Data provided:
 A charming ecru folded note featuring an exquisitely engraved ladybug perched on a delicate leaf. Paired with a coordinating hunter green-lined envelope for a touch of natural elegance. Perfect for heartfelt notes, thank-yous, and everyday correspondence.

* * *

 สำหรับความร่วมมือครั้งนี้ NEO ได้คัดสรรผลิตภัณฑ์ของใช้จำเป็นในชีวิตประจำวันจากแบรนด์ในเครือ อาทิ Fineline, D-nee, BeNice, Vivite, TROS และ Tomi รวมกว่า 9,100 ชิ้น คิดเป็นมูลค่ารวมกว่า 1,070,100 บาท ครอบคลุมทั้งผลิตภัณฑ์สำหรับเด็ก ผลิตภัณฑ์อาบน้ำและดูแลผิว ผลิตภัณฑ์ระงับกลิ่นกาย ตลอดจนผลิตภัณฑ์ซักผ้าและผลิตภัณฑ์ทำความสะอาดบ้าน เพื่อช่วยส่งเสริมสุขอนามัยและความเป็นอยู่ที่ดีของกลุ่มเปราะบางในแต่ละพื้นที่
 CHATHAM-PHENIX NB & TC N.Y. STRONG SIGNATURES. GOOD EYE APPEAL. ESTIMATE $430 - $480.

--

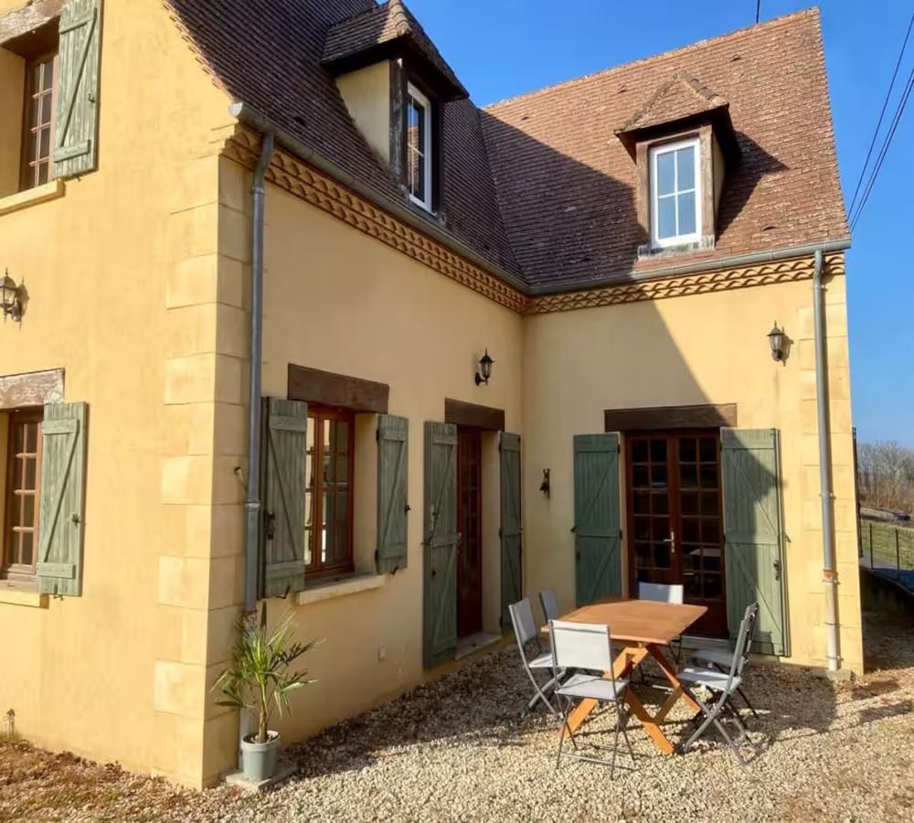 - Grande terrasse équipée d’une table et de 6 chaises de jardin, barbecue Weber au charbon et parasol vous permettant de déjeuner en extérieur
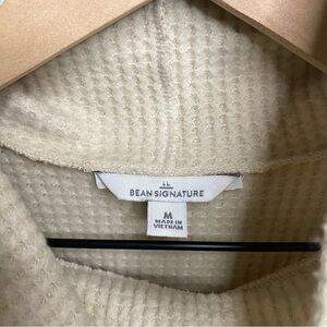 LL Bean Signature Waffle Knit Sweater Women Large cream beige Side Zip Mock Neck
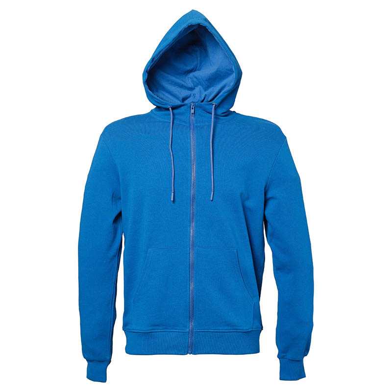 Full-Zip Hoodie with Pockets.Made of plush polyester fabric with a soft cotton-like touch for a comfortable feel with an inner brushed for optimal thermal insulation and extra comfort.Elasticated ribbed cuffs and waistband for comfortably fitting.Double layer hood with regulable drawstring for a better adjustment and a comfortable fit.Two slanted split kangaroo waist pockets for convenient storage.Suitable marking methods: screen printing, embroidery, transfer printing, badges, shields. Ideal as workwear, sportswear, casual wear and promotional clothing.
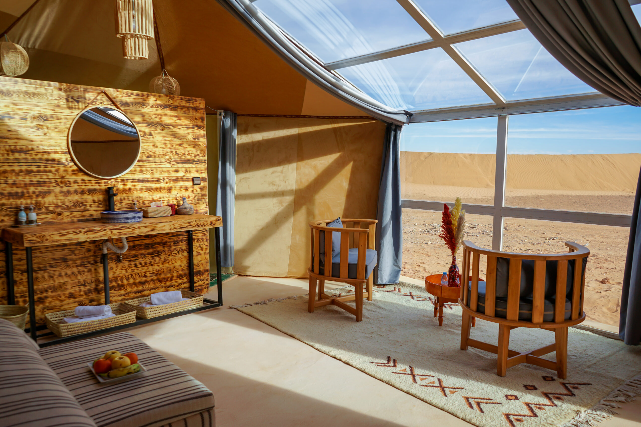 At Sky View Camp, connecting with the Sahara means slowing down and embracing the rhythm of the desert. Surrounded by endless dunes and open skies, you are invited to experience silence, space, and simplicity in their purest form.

Work item:
With pictures excluded, reproduce exactly the lines above from the one containing "- Grande terrasse" down to the one containing "Full-Zip Hoodie with", those two included.

Response area:
 - Grande terrasse équipée d’une table et de 6 chaises de jardin, barbecue Weber au charbon et parasol vous permettant de déjeuner en extérieur
 LL Bean Signature Waffle Knit Sweater Women Large cream beige Side Zip Mock Neck
 Full-Zip Hoodie with Pockets.Made of plush polyester fabric with a soft cotton-like touch for a comfortable feel with an inner brushed for optimal thermal insulation and extra comfort.Elasticated ribbed cuffs and waistband for comfortably fitting.Double layer hood with regulable drawstring for a better adjustment and a comfortable fit.Two slanted split kangaroo waist pockets for convenient storage.Suitable marking methods: screen printing, embroidery, transfer printing, badges, shields. Ideal as workwear, sportswear, casual wear and promotional clothing.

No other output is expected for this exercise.